Quiero reír y llorar y gritar y correr y no sé qué hacer primero.
Lo confieso.
—Claro que me acuerdo de ti. —Mi voz suena como un susurro ahogado. Cierro los ojos con fuerza. Me acuerdo de ti cada día para siempre en cada momento de mi destrozada vida—. Eres la única persona que me ha visto como un ser humano.
Nunca habló conmigo. Nunca me dirigió ni una sola palabra, pero era el único que se atrevía a sentarse cerca de mi verja. Era el único que me defendía, la única persona que luchó por mí, el único que le dio un puñetazo a alguien por tirarme una piedra a la cabeza. No sabía cómo agradecérselo.
Fue lo más parecido a un amigo que tuve.
Abro los ojos y él está de pie en frente de mí. Mi corazón es como un campo de lirios que florecen bajo un cristal, golpeteando la vida como un torrente de gotas de lluvia. Su mandíbula está tan prieta como sus ojos, tan prietos como sus puños, tan prietos como la tensión de sus brazos.
—¿Siempre lo has sabido? —Susurra cuatro palabras y rompe mi muro, libera mis labios y me roba el corazón de nuevo. Casi ni noto las lágrimas que corren por mi cara.
—Adam. —Trato de reír pero mis labios profieren un sollozo ahogado—. Reconocería tus ojos en cualquier parte del mundo.
Y eso es todo.
Esta vez no hay control.
Esta vez estoy en sus brazos y contra la pared y tiemblo por todas partes y él es tan dulce, tan cuidadoso, que me toca como si estuviera hecha de porcelana y yo quiero hacerme añicos.
Recorre mi cuerpo con sus manos, recorre mi rostro con sus ojos, su corazón corre desbocado y mi mente corre maratones.
Todo arde. Mis mejillas mis manos la boca de mi estómago y me ahogo en olas de emoción y en una tormenta de lluvia fresca, y lo único que noto es la fuerza de su contorno sobre el mío y no quiero olvidar este momento nunca jamás, jamás, jamás. Quiero grabarlo en mi piel y guardarlo para siempre.
Me toma las manos y presiona mis palmas en su rostro, y sé que nunca había conocido la belleza de sentirme humana antes de esto.

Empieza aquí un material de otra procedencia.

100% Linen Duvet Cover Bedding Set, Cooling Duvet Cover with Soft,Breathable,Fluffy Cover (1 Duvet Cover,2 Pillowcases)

Sé que sigo llorando hasta que mis ojos se cierran.
Susurro su nombre.
Y él respira más fuerte que yo y de repente pone los labios en mi cuello y yo jadeo y me muero y me aferro a sus brazos mientras él me toca, me toca, me toca y me lleno de rayos y truenos y me pregunto cuándo demonios me voy a despertar.

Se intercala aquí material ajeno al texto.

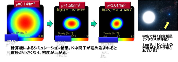 陽子(p)−陽子(p)−中性子(n)から構成されている原子核に、K中間子を埋め込むと、その直径が縮むのではないか? と予想されています。
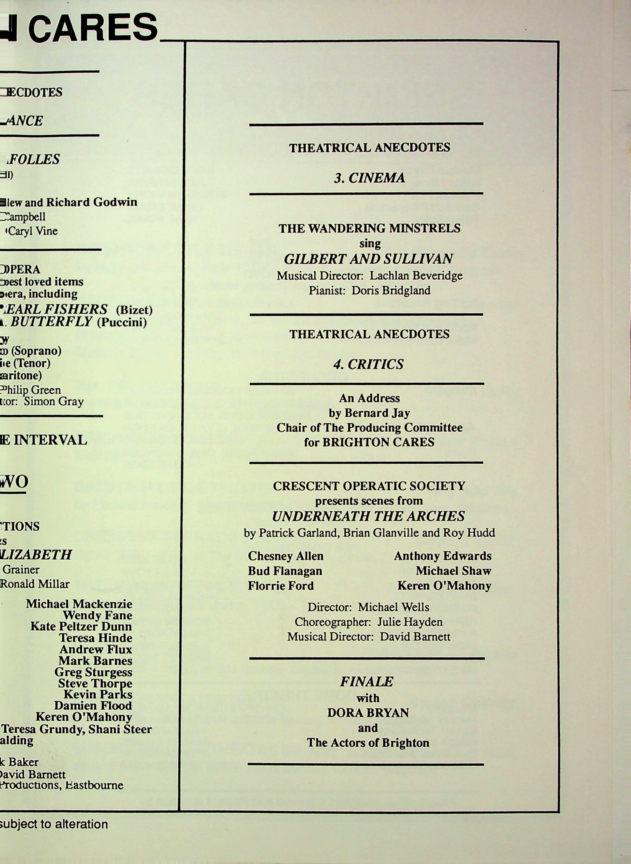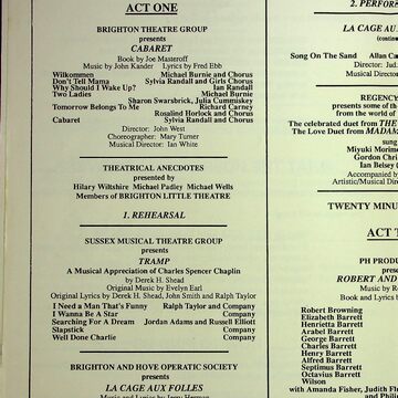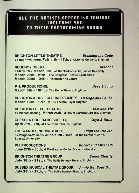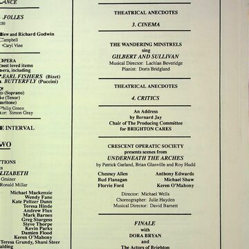 Musical comedy, operetta, opera, and theatrical anecdotes were performed by the actors of Brighton, devised and produced by Bernard Jay.
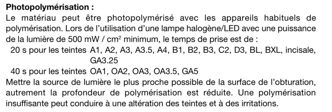 Et dans la rubrique photopolymerisation. Il n’y est pas fait mention de polymérisation à chaud.
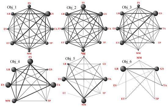 Figure 4 explains the co-occurrence network. The six objectives are (1) government service, (2) financing subsidy, (3) education and training, (4) financing subsidy, (5) financial instrument, and (6) laws and management regulations. The combinations with the highest link strength are tax and interest subsidy—financing subsidy, financing subsidy—financial instrument, government service—education and training, tax and interest subsidy (financing subsidy and financial instrument), and government services (laws and management regulations). It is consistent with the coefficient weights of the objective function (Equation (2)). The consistency further verifies the rationality of the established objective function [42]. The node sizes of Figure 4 refer to the adoption frequencies of policy instruments. The edge widths correspond to the co-occurrence frequencies of the pairs of the policy instruments. FS refers to financing subsidy; GS refers to government service; TA refers to tax and interest subsidy; TP refers to target planning; MM refers to financial instruments; ES refers to encouragement and support; LR refers to laws, standards, and management regulations; ET refers to education and training.
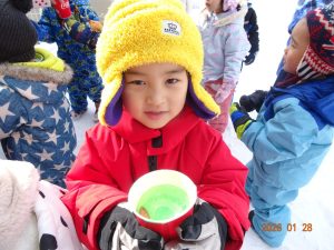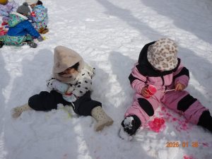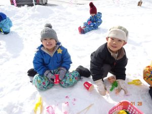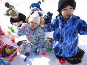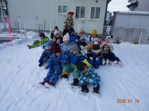 1月に入り、雪がたくさん積もったので広場でおもいきり体を動かして、雪遊びを楽しんでいます!
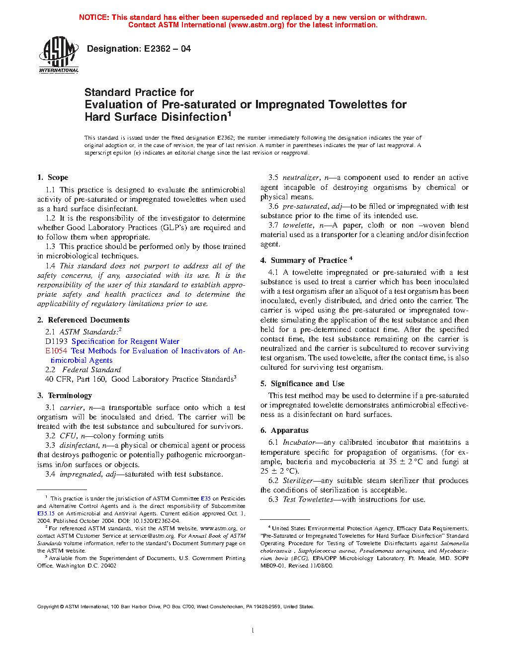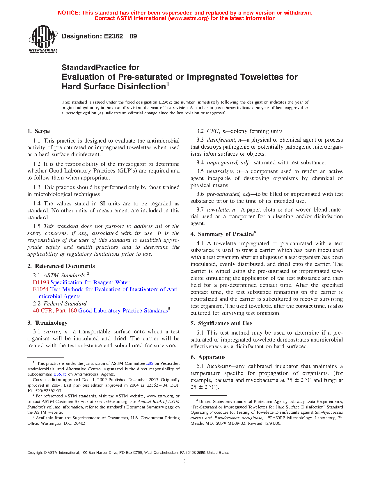 1.1 This practice is designed to evaluate the antimicrobial activity of pre-saturated or impregnated towelettes when used as a hard surface disinfectant.

Sus labios saborean mi nuca una, dos y cien veces, y me pregunto si es posible morirse de euforia. Busca mis ojos para acariciarme y me sonrojo de placer, dolor e imposibilidad.

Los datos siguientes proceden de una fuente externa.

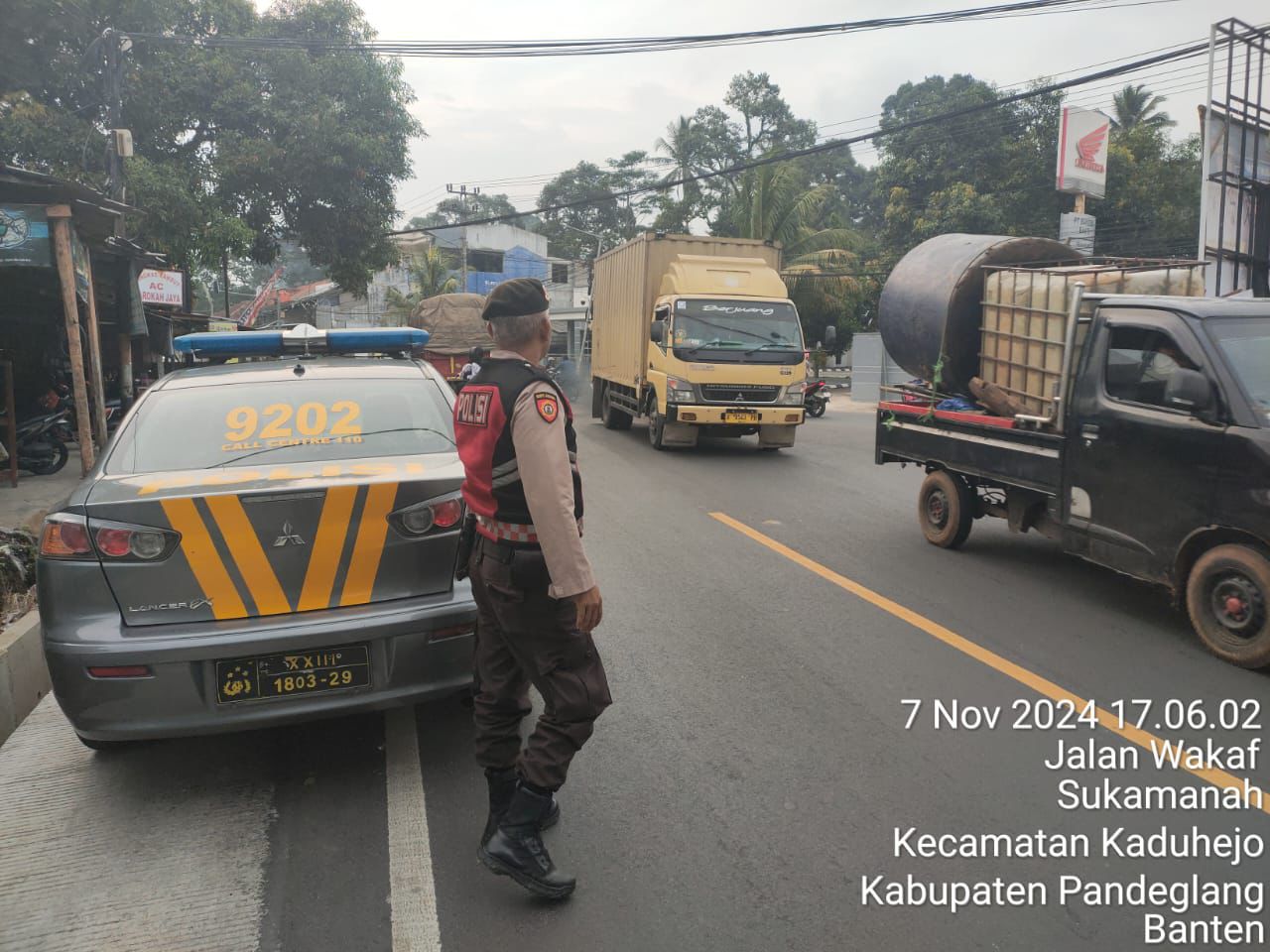Pandeglang – Guna memastikan kelancaran dan keamanan arus lalu lintas, personel Sat Samapta Polres Pandeglang melaksanakan kegiatan pengaturan lalu lintas di kawasan pertigaan Cipacung, Kamis, 7 November 2024. Pengaturan ini dilakukan untuk mengantisipasi kemacetan serta menjaga keselamatan para pengguna jalan, terutama pada jam-jam sibuk.

—¡Hace tanto tiempo que quería besarte! —Su voz suena ronca, irregular y profunda en mi oído.
Estoy helada, a la espera, a la expectativa, y muy preocupada por si me va a besar o no. Clavo la vista en sus labios y no me doy cuenta de lo cerca que estamos hasta que nos separamos.
Tres chirridos electrónicos retumban por la habitación y Adam mira como si, por un momento, no entendiera dónde está. Parpadea. Y corre hacia un intercomunicador para pulsar los botones adecuados. Me doy cuenta de que sigue respirando fuerte.
Yo estoy temblando.
—Nombre y número —pide la voz del intercomunicador.
—Kent, Adam. 45B-86659.
Pausa.
—Soldado, ¿es consciente de que las cámaras de la habitación están desactivadas?
—Sí, señor. He recibido órdenes directas de desmontar los dispositivos.
—¿Quién ha dado la orden?
—Warner, señor.
Pausa más larga.
—Lo verificamos y confirmamos. La manipulación no autorizada de dispositivos de seguridad puede conducir a su expulsión deshonrosa e inmediata, soldado. Espero que sea consciente de ello.
—Sí, señor.
La línea se queda en silencio.
Adam se desploma contra la pared, con el pecho agitado. No estoy segura de ello, pero podría jurar que sus labios esbozan una pequeña sonrisa. Cierra los ojos y exhala.
No estoy segura de qué hacer con el alivio que siento en mis manos.
—Ven —me dice, con los ojos cerrados todavía.
Voy hacia él de puntillas y me rodea con sus brazos. Respira el aroma de mi pelo, me besa a un lado de la cabeza y nunca en mi vida he sentido algo tan increíble. No sigo siendo humana. Soy mucho más que eso. El sol y la luna se han fusionado y la tierra está del revés. Siento que puedo ser exactamente quien quiero en sus brazos.
Me hace olvidar el miedo que puedo infundir.
—Juliette —susurra—. Tenemos que largarnos de aquí.